When `procedures_search` returns nothing trusted for a non-trivial flow AND the user signals they want to remember it ("learn to do X", "figure this out and save it", "remember how to <task>"), the **`browserops-teach` skill** at `~/.claude/skills/browserops-teach/SKILL.md` (mirrored to `skills/browserops-teach.md`) is the canonical guide. It covers the autonomous flow end-to-end: pre-flight checks, the three hard safety gates that justify a single user clarifier, the per-app safe-dummy registry, the in-context YAML authoring loop, the goal-grounded verification predicate, and the single-message report format.

Don't try to drive procedure authoring from this file alone — the skill is the source of truth.

If `procedures_search` DOES return a trusted match at score ≥0.5, point the user at the existing procedure.

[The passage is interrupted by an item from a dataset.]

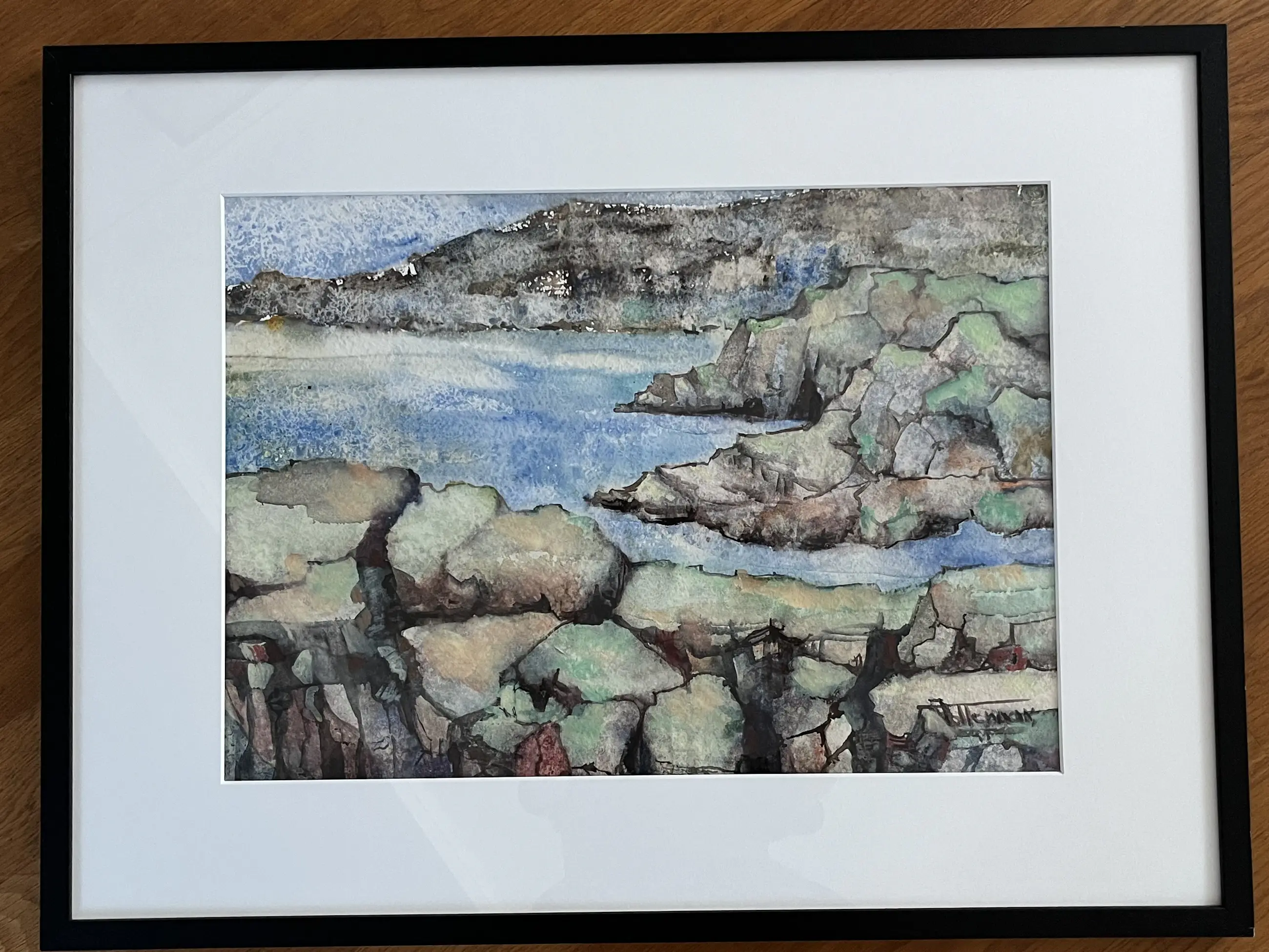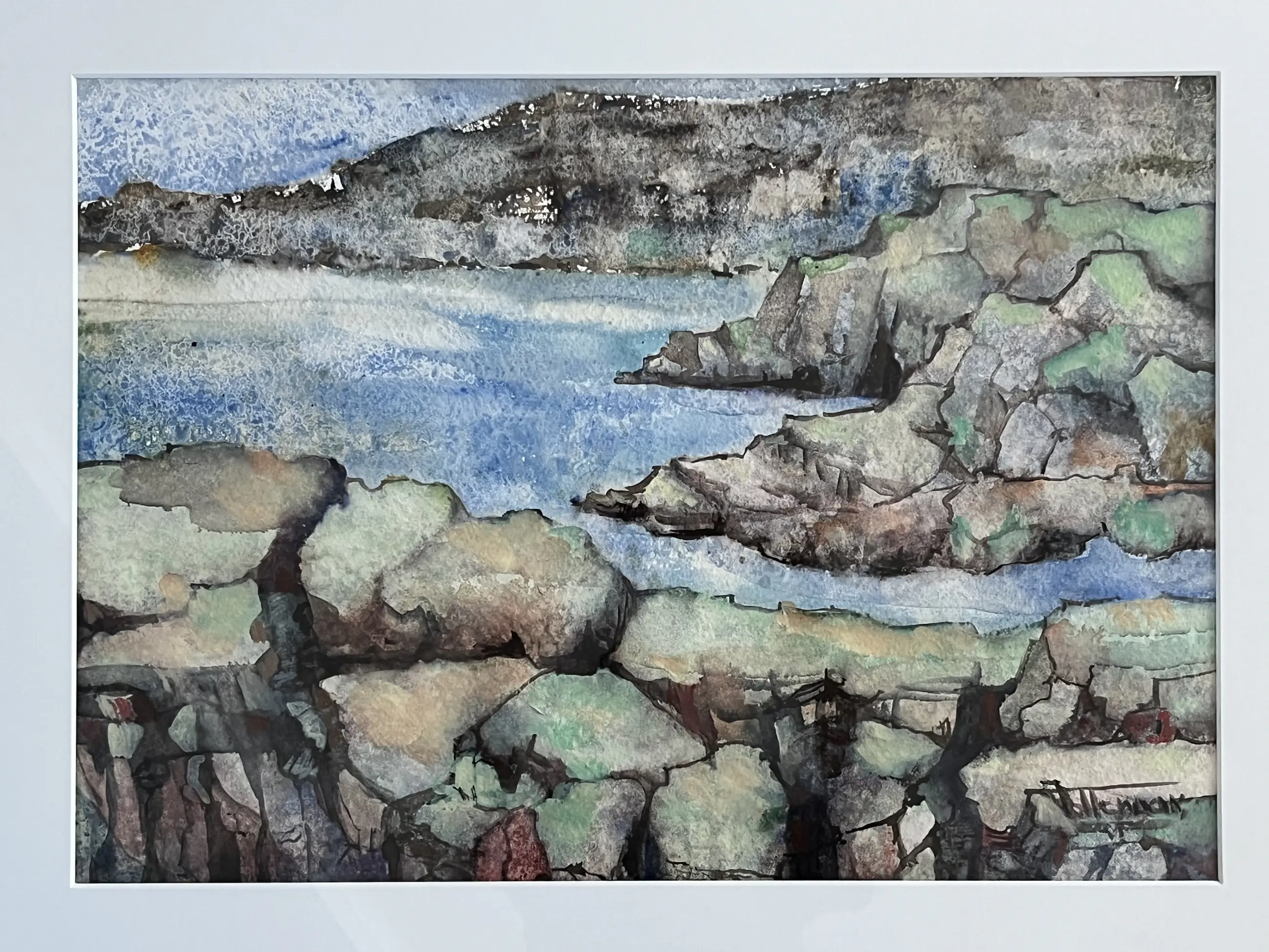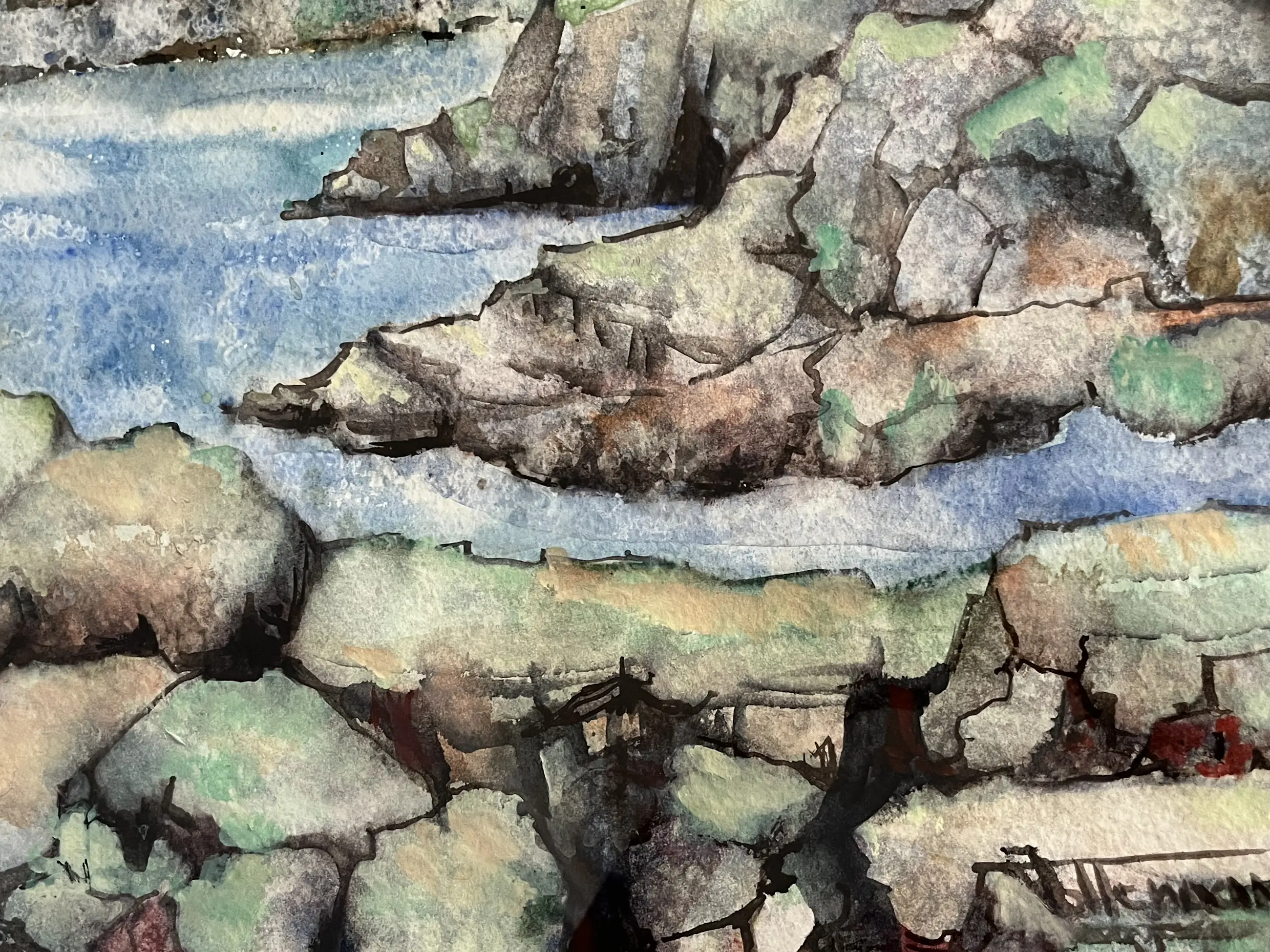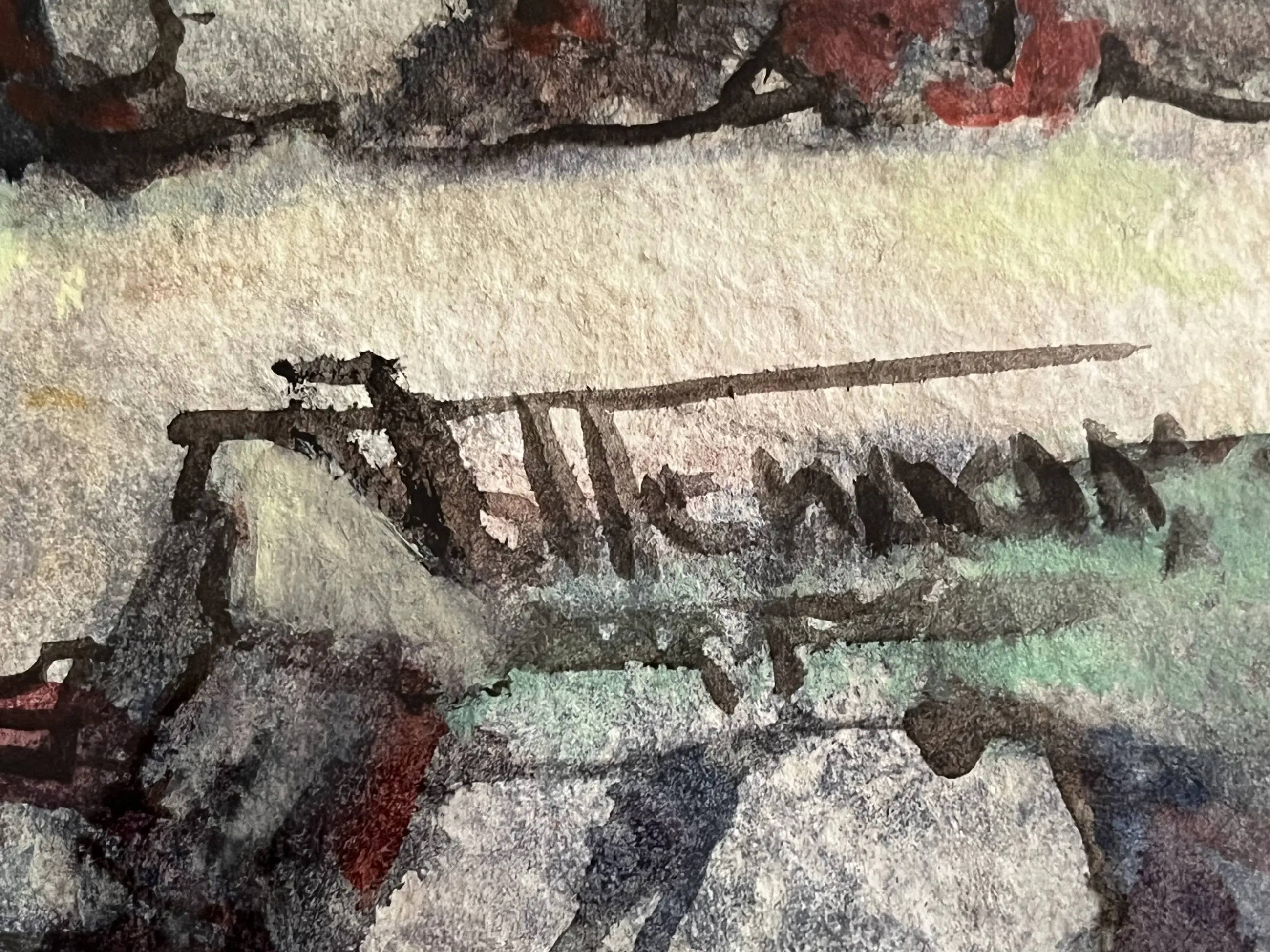 Aquarel is gelijst in zwarte houten wissellijst. Lijst heeft lichte gebruikssporen. Afmeting voorstelling 41 x 58 cm. Inclusief lijst 63 x 83 cm.

The skill is for new flows, not reruns of existing ones.

### What changed (vs. the old teach + autoteach pair)

The old `teach` and `autoteach` features and their 16 tools (`procedures_teach_*` + `procedures_autoteach_*`) are gone. With autonomous-by-default, the agent watches its own `browser_*` calls and authors the YAML in its own context — no separate keystroke recorder, no iterative bridge-side replay loop. One feature flag (`procedures`), five sync tools + one execute, one skill.

### Storage

`~/browserops/procedures/` holds the YAML files plus the `index.json` search manifest. No transient session state on disk; the agent's own conversation context is the session. Override the root with `BROWSEROPS_PROCEDURES_DIR`.

## Procedure authoring rules

> Applies whenever the `procedures` feature is enabled and you're authoring or maintaining procedure YAML. With `procedures` off these tools and rules don't apply — the user is on the minimal `browser_*`-only path.

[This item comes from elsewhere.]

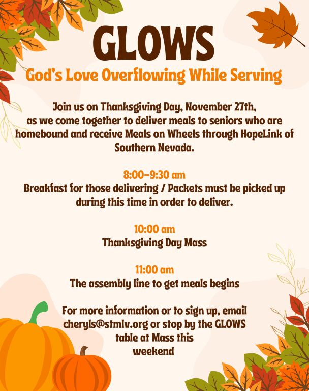 If you are unable to leave your home, please contact Patti Sabo at 702-269-3110 to arrange for an Extraordinary Minister of Holy Communion to visit you. If you are hospitalized, please notify the hospital staff of your Catholic faith and desire to receive Communion.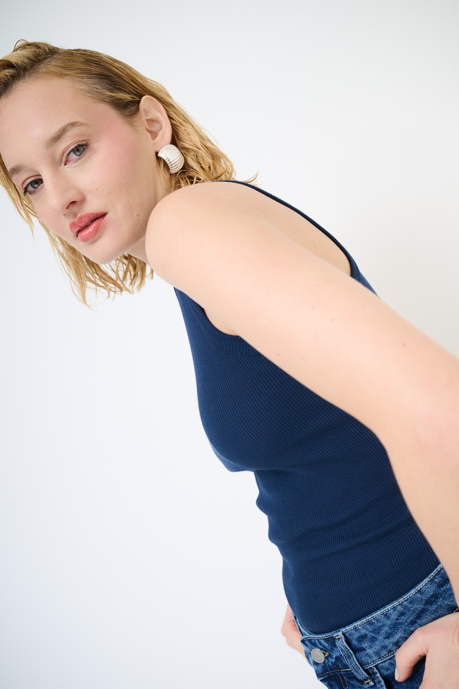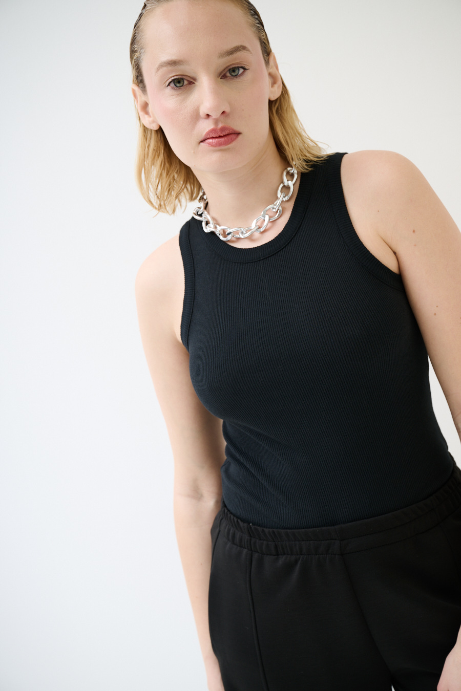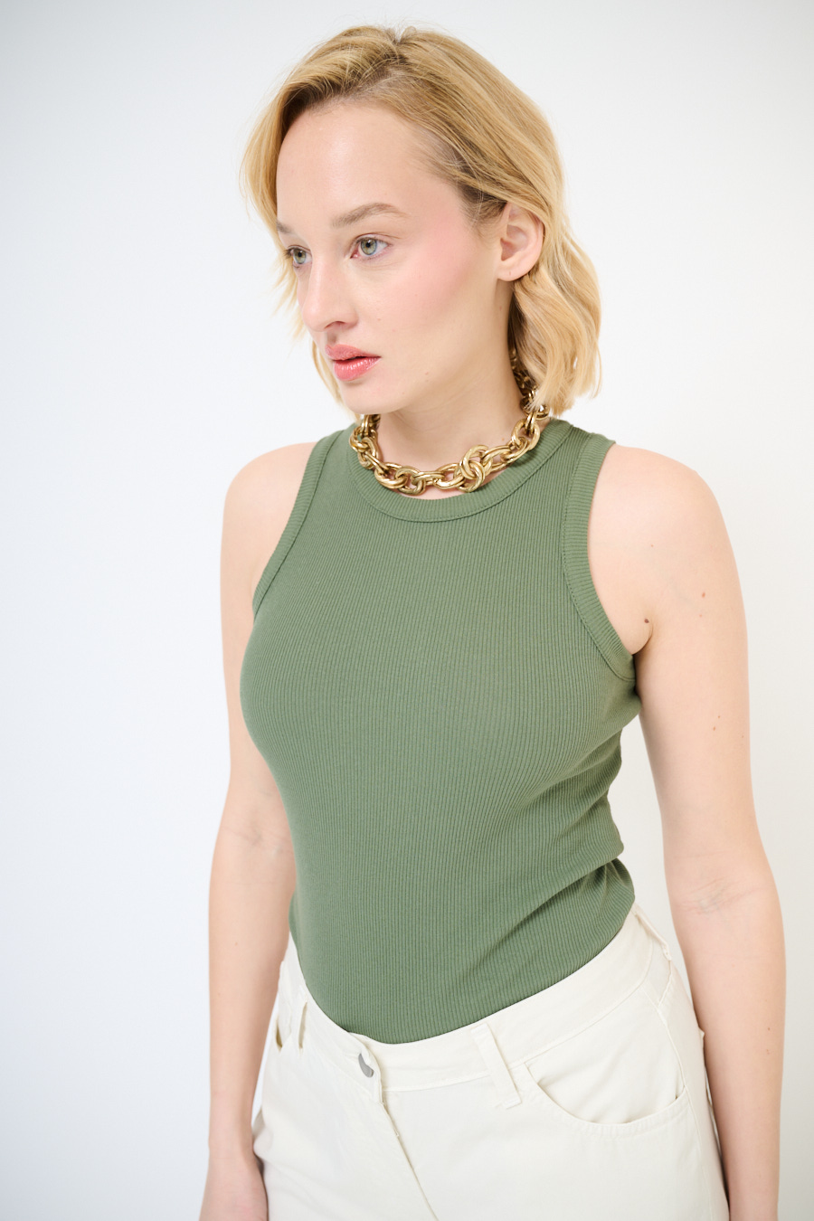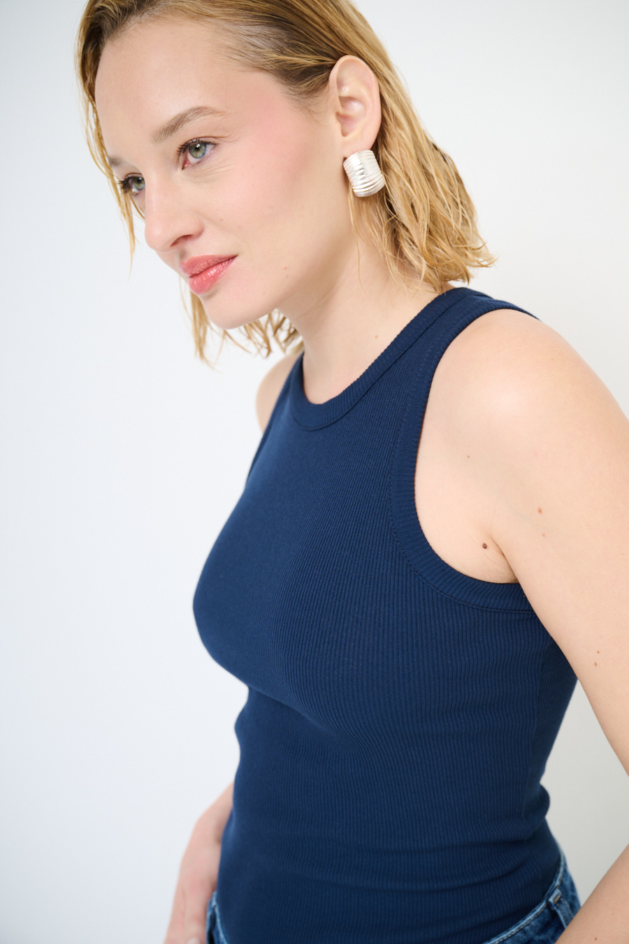 Canotta vogatore a costine basic con girocollo

### Never save an untested procedure
- Write the procedure → run it in the same session → fix what breaks → then call `procedures_save` with `bump_success: true`.
- A procedure is trusted only when it has been saved with `bump_success: true` (which flips status:draft → status:trusted) and the current UI still matches what was verified.
- For multi-step flows: test each leaf individually first, then compose.
- Treat the live UI as source of truth. If the next screen, button label, or route is not confirmed, do not guess it.
- Model every stable UI transition as its own leaf. Split setup, onboarding, branching, and final extraction into separate procedures.
- Keep leaves executable, not descriptive. Each leaf should have explicit inputs, concrete waits, and a concrete success condition.
- Use only fields supported by `packages/shared/src/procedures.ts` and tools defined in `packages/shared/src/tools.ts`.
- If a step returns structured data, bind and consume the exact returned field names. Do not invent `magic_url`, `api_key`, or similar outputs.
- Prefer `browser_read` / `browser_query_selector` / `browser_click_by_text` / `browser_type` on the real element over guessed coordinates or broad JS when the UI can be addressed directly.
- Use `browser_execute_js` only when the UI genuinely requires it, and keep the script narrow enough that it is still tied to one page state.
- Any step that waits for async state must use `browser_wait_for` or `browser_wait_for_idle` with an explicit timeout. Do not use `browser_reload` for polling.
- Branching logic must be explicit. If the UI can take different paths, write separate steps or leaves for each path and wire the composite to the right one.
- Add `success_criteria` for any leaf whose completion is otherwise ambiguous.
- Verify each leaf against the live site before saving the composite that depends on it.

### Use `browser_wait_for` for polling, not manual reloads
- Any step that waits for async state (email arriving, page loading, element appearing) must use a `browser_wait_for` action step with an explicit `timeout`.
- Never use `browser_reload` as a substitute for polling — it fires once and does not retry.